ML datasets cover a broad range of content types, from text and structured data to images, audio, and video. Even within datasets that cover the same types of content, every dataset has a unique ad hoc arrangement of files and data formats. This challenge reduces productivity throughout the entire ML development process, from finding the data to training the model. It also impedes development of badly needed tooling for working with datasets.

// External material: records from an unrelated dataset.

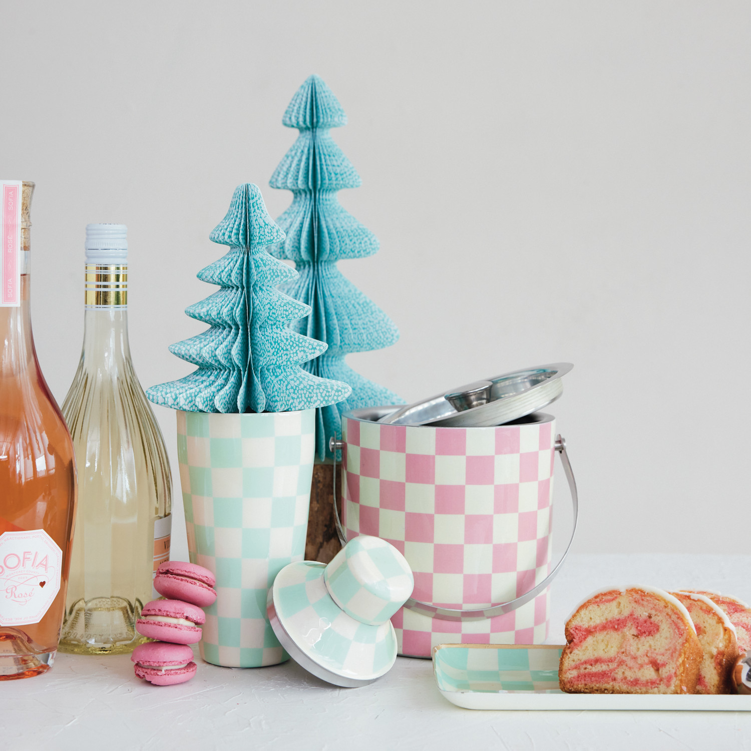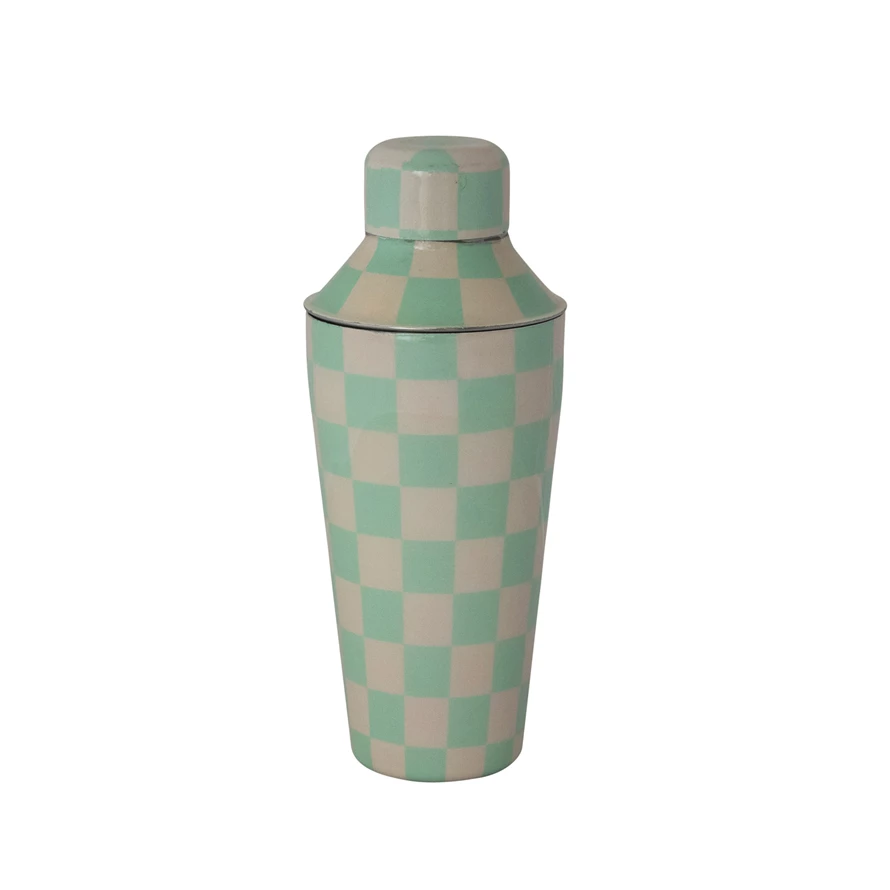22 oz. Enameled Stainless Steel Cocktail Shaker with Check Pattern, Mint & Ivory Color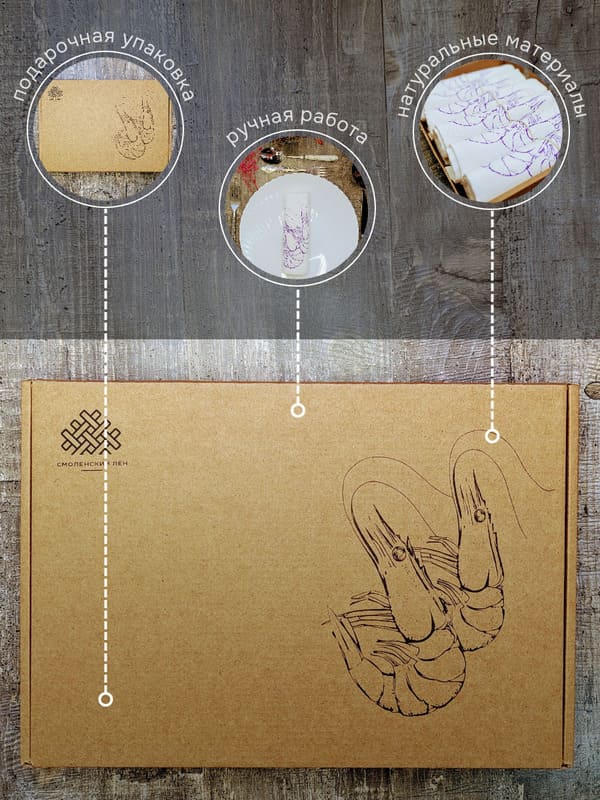 Плотность ткани 200 г/м² обеспечивает салфеткам идеальную форму: они не деформируются после стирки, сохраняя безупречный вид годами. Лён дарит фактурность и экологичность, а хлопок — мягкость и гипоаллергенность. При производстве продукции "Смоленский лён" используется белорусский лен (Оршанский льнокомбинат), костромской лен (Костромская льняная мануфактура), хлопок.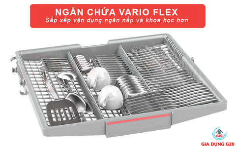 Ngoài ra với thiết kế ngăn chứa thứ 3 VarioFlex, những đồ dùng nhỏ sẽ được sắp xếp khoa học hơn. Đây là ngăn chứa linh hoạt bởi nó chuyên để những đồ dùng nhỏ như thìa, dao, dĩa… Với thiết kế chắc chắn và được lắp đặt phía trên cùng, những đồ cần rửa vẫn sẽ được rửa sạch hoàn toàn.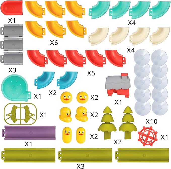 • 【DESIGN IT YOURSELF】There are 51 pieces in this bathtub toy set, including the suctions and the ducks. Yet you can design the tracks in many turns or straight, up or down, left or right. Do it with your imagination! Creative bath toys for toddlers age 3+

There are general purpose metadata formats for datasets such as schema.org and DCAT. However, these formats were designed for data discovery rather than for the specific needs of ML data, such as the ability to extract and combine data from structured and unstructured sources, to include metadata that would enable responsible use of the data, or to describe ML usage characteristics such as defining training, test and validation sets.

Today, we're introducing Croissant, a new metadata format for ML-ready datasets. Croissant was developed collaboratively by a community from industry and academia, as part of the MLCommons effort. The Croissant format doesn't change how the actual data is represented (e.g., image or text file formats) — it provides a standard way to describe and organize it. Croissant builds upon schema.org, the de facto standard for publishing structured data on the Web, which is already used by over 40M datasets. Croissant augments it with comprehensive layers for ML relevant metadata, data resources, data organization, and default ML semantics.

In addition, we are announcing support from major tools and repositories: Today, three widely used collections of ML datasets — Kaggle, Hugging Face, and OpenML — will begin supporting the Croissant format for the datasets they host; the Dataset Search tool lets users search for Croissant datasets across the Web; and popular ML frameworks, including TensorFlow, PyTorch, and JAX, can load Croissant datasets easily using the TensorFlow Datasets (TFDS) package.


Croissant

This 1.0 release of Croissant includes a complete specification of the format, a set of example datasets, an open source Python library to validate, consume and generate Croissant metadata, and an open source visual editor to load, inspect and create Croissant dataset descriptions in an intuitive way.

Supporting Responsible AI (RAI) was a key goal of the Croissant effort from the start. We are also releasing the first version of the Croissant RAI vocabulary extension, which augments Croissant with key properties needed to describe important RAI use cases such as data life cycle management, data labeling, participatory data, ML safety and fairness evaluation, explainability, and compliance.


Why a shared format for ML data?

The majority of ML work is actually data work. The training data is the “code” that determines the behavior of a model. Datasets can vary from a collection of text used to train a large language model (LLM) to a collection of driving scenarios (annotated videos) used to train a car’s collision avoidance system. However, the steps to develop an ML model typically follow the same iterative data-centric process: (1) find or collect data, (2) clean and refine the data, (3) train the model on the data, (4) test the model on more data, (5) discover the model does not work, (6) analyze the data to find out why, (7) repeat until a workable model is achieved. Many steps are made harder by the lack of a common format. This “data development burden” is especially heavy for resource-limited research and early-stage entrepreneurial efforts.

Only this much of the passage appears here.